Это судорожное цепляние за жизнь жизненно‑ бессильных душ очень легко смешать со здоровою силою несокрушимого жизненного инстинкта. В такую ошибку впадет Алеша Карамазов в беседе своей с братом Иваном.

«Не веруй я в жизнь, – говорит Иван, – разуверься я в порядке вещей, убедись даже, что все, напротив, беспорядочный, проклятый и, может быть, бесовский хаос, порази меня хоть все ужасы человеческого разочарования, – а я все‑ таки захочу жить и уж как припал к этому кубку, то не оторвусь от него, пока его весь не осилю! Впрочем, к тридцати годам наверно брошу кубок, хоть и не допью его всего, и отойду… не знаю куда… Но до тридцати моих лет, знаю это твердо, все победит моя молодость, – всякое разочарование, всякое отвращение к жизни… Клейкие весенние листочки, голубое небо люблю я, вот что! Тут не ум, не логика, тут нутром, тут чревом любишь».

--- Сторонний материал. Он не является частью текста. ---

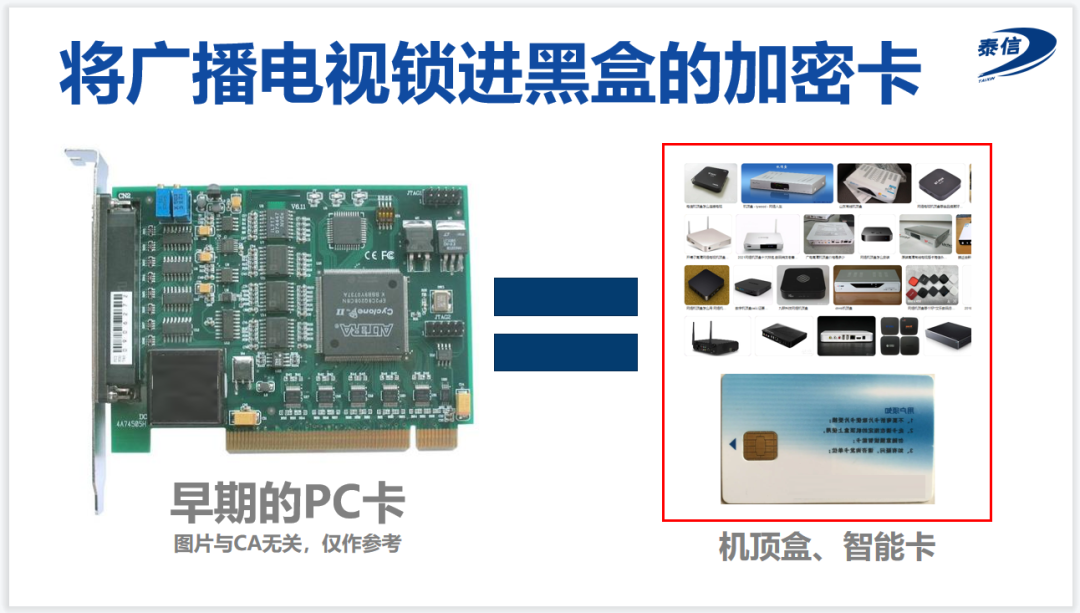 該卡上有一個(gè)存儲(chǔ)代碼的FLASH,包含了與智能卡或機(jī)頂盒中一樣的加密算法,一旦這個(gè)卡外泄,整個(gè)CA系統(tǒng)就會(huì)被輕易破解。
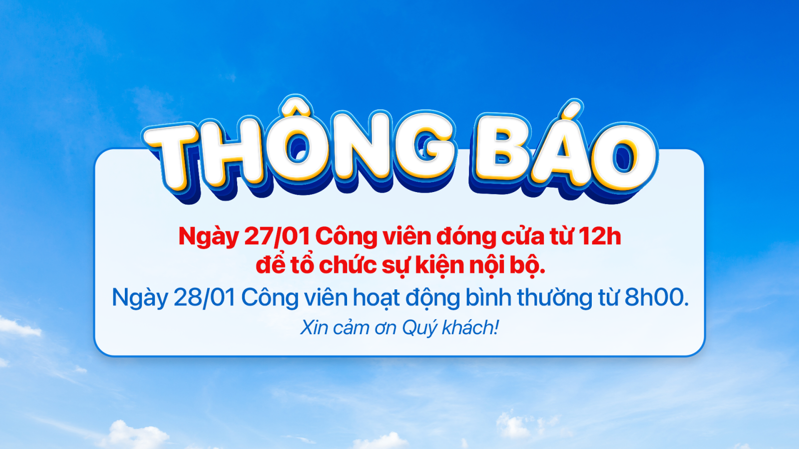- Thông báo đóng cửa công viên ngày 2/10/2025

«– Нутром и чревом хочется любить, – прекрасно ты это сказал, и рад я ужасно за то, что тебе так жить хочется, – воскликнул Алеша. – Я думаю, что все должны прежде всего на свете жизнь полюбить.

– Жизнь полюбить больше, чем смысл ее?

– Непременно так, полюбить прежде логики, как ты говоришь, непременно, чтобы прежде логики, и тогда только я и смысл пойму. Вот что мне давно уже мерещится».

Алеша заключает, что для Ивана половина дела его уже сделана. Но он глубоко заблуждается, дело жизни для Ивана и не начиналось, – вернее, давно уже кончилось. Свою «жажду жизни, несмотря ни на что», Иван сам готов признать «неприличною». Жить дольше тридцати лет он не хочет: «до семидесяти подло, лучше до тридцати: можно сохранить „оттенок благородства“, себя надувая».

Цельный, самим собою сильный инстинкт жизни говорить так не может. Ему нет нужды «надувать себя», он верит в свои силы, не рассчитывает их на определенный срок. Прежде же и главнее всего – для него вполне несомненна святая законность своего существования. Жизненный же инстинкт, который сам стыдится себя, который сам спешит признать себя «подлым» и «неприличным», – это не жизненный инстинкт, а только жалкий его обрывок. Он не способен осиять душу жизнью, – способен только ярко осветить ее умирание.

Отношение к жизни Ивана Карамазова характерно вообще для героев Достоевского. Подпольный человек пишет: «Дольше сорока лет жить неприлично, пошло, безнравственно. Только дураки и негодяи живут дольше сорока лет».

Жадно цепляясь за жизнь, человек все время чувствует в глубине души, что жить он не только не способен, а просто не достоин.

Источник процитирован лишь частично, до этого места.